## How to complete this task
Your answer should hold the data exactly as given, minus any picture.

## Collected material

- - - -

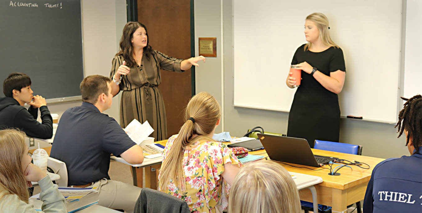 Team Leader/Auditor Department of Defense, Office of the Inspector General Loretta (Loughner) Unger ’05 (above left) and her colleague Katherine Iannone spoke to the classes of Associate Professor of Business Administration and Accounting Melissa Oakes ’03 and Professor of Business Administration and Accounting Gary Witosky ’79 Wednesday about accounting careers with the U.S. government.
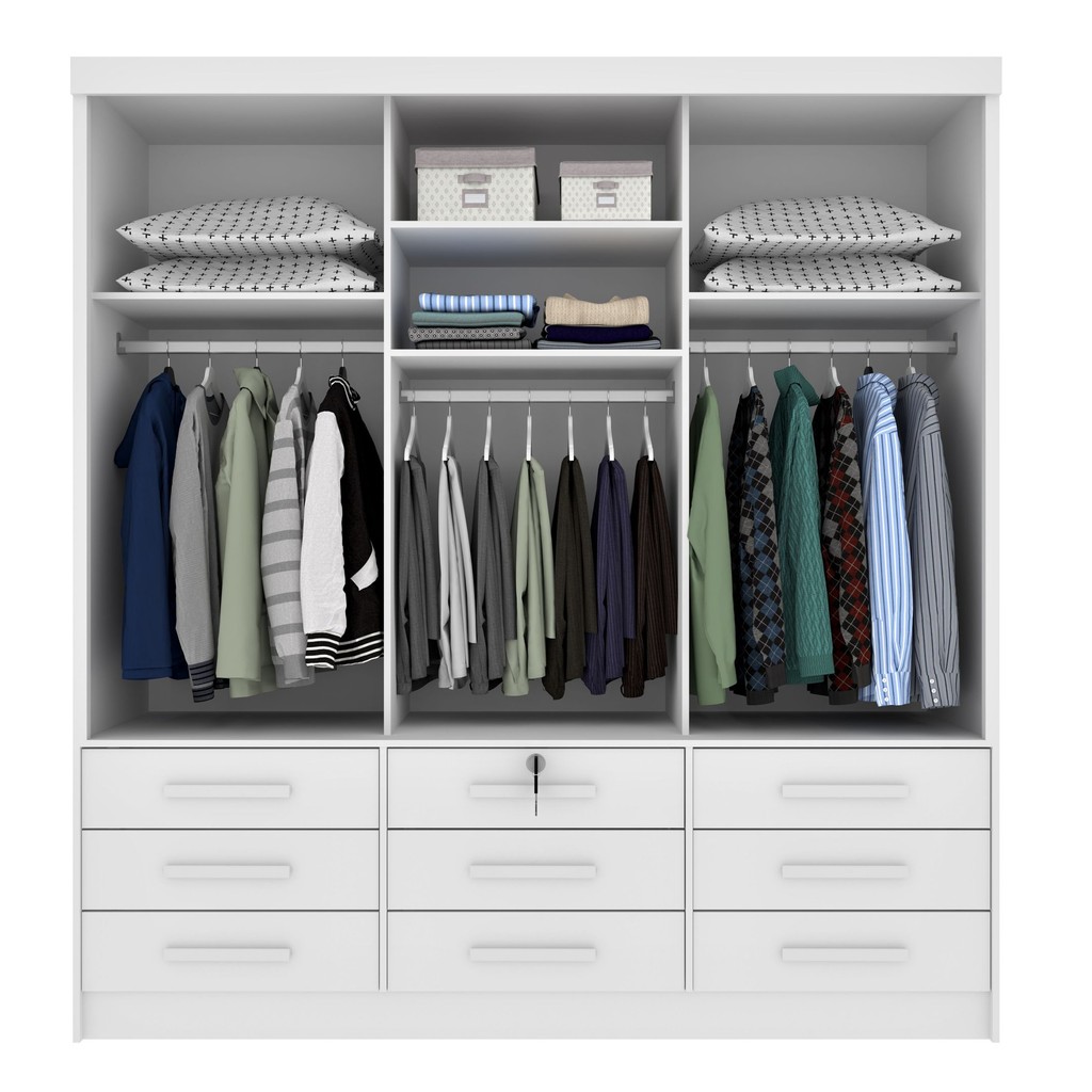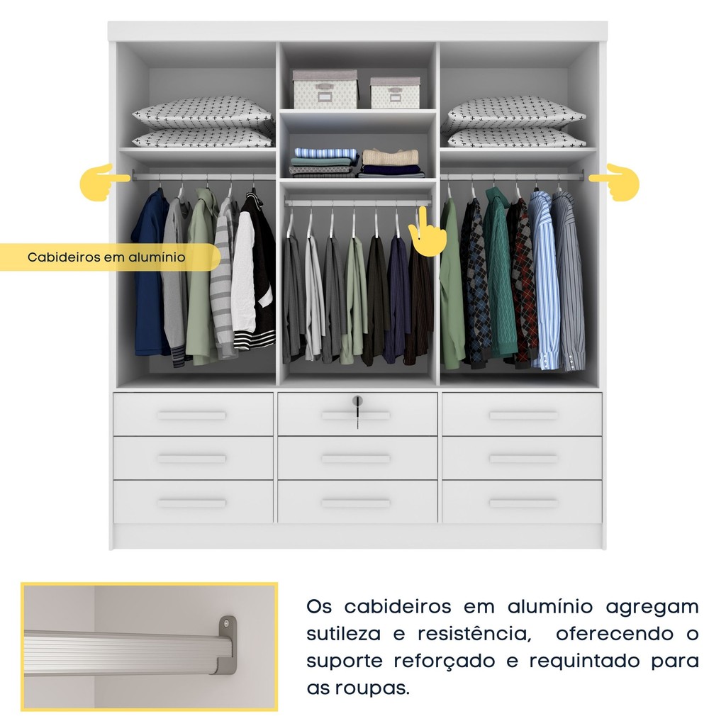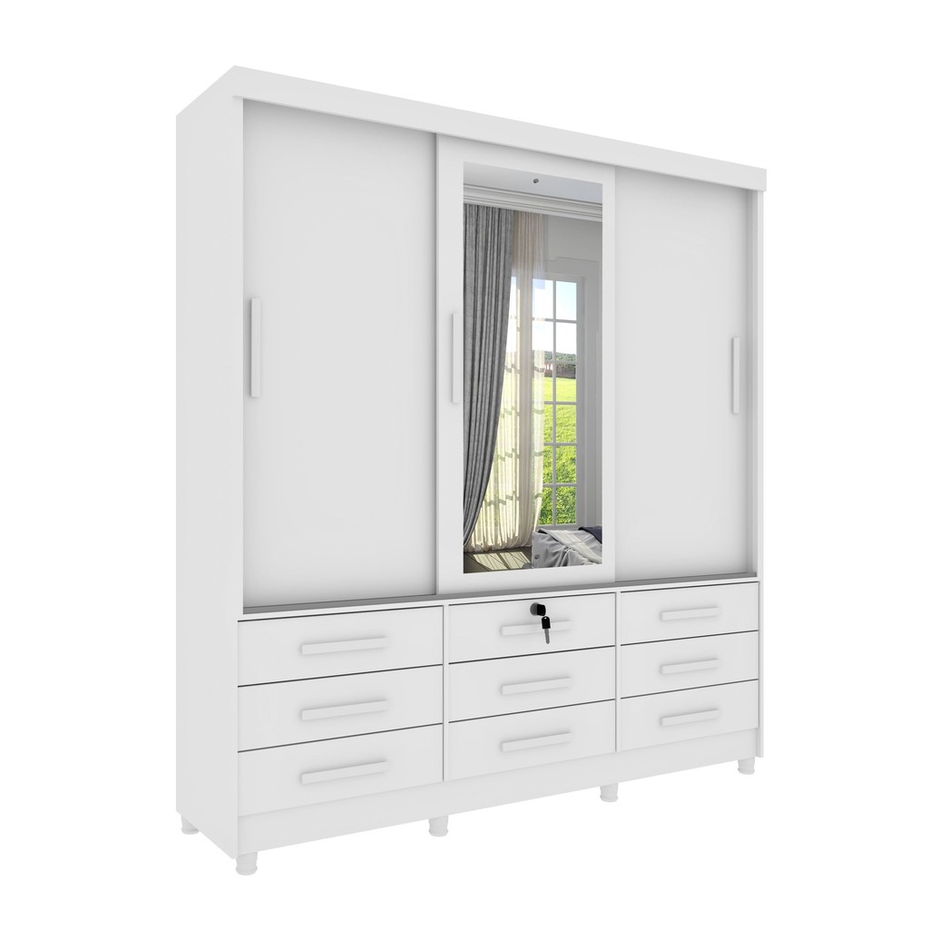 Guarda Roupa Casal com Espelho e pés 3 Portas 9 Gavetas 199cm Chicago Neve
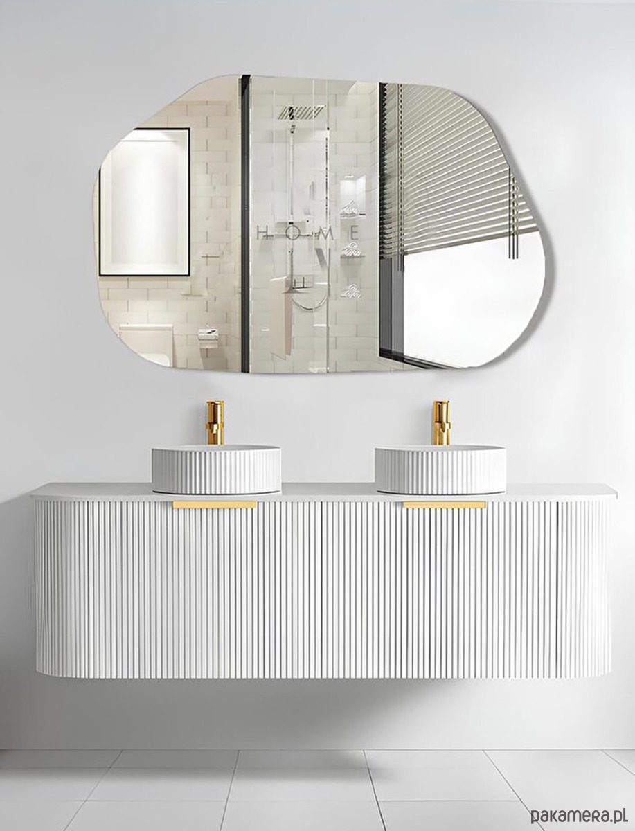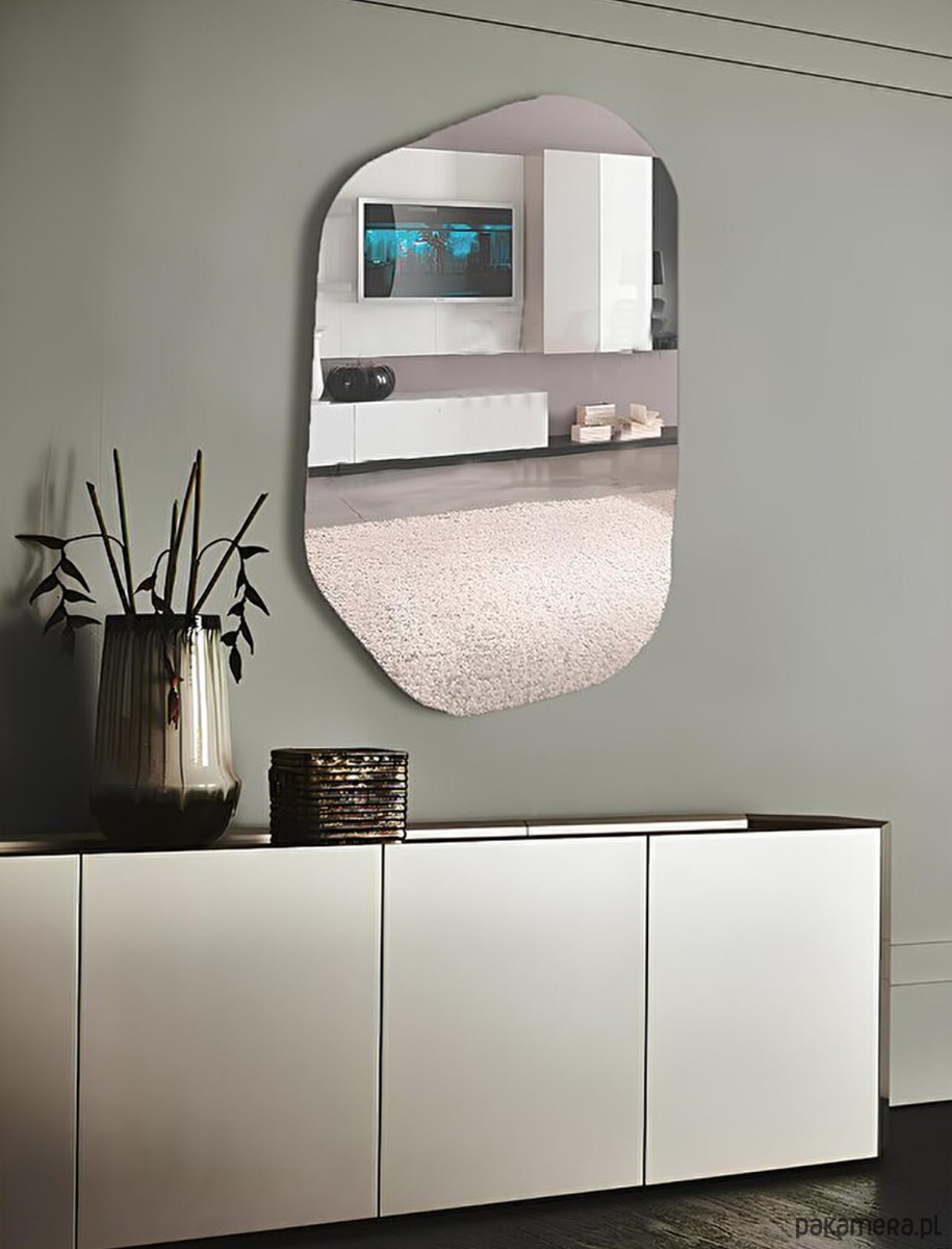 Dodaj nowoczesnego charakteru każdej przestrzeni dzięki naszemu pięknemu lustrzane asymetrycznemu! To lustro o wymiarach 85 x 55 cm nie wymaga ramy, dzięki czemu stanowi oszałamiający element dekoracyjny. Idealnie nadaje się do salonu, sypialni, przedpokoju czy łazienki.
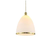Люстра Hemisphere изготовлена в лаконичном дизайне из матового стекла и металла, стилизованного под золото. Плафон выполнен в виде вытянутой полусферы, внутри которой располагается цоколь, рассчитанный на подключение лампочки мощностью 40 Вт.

- - - -

## Written solution
 Team Leader/Auditor Department of Defense, Office of the Inspector General Loretta (Loughner) Unger ’05 (above left) and her colleague Katherine Iannone spoke to the classes of Associate Professor of Business Administration and Accounting Melissa Oakes ’03 and Professor of Business Administration and Accounting Gary Witosky ’79 Wednesday about accounting careers with the U.S. government.
 Guarda Roupa Casal com Espelho e pés 3 Portas 9 Gavetas 199cm Chicago Neve
 Dodaj nowoczesnego charakteru każdej przestrzeni dzięki naszemu pięknemu lustrzane asymetrycznemu! To lustro o wymiarach 85 x 55 cm nie wymaga ramy, dzięki czemu stanowi oszałamiający element dekoracyjny. Idealnie nadaje się do salonu, sypialni, przedpokoju czy łazienki.
Люстра Hemisphere изготовлена в лаконичном дизайне из матового стекла и металла, стилизованного под золото. Плафон выполнен в виде вытянутой полусферы, внутри которой располагается цоколь, рассчитанный на подключение лампочки мощностью 40 Вт.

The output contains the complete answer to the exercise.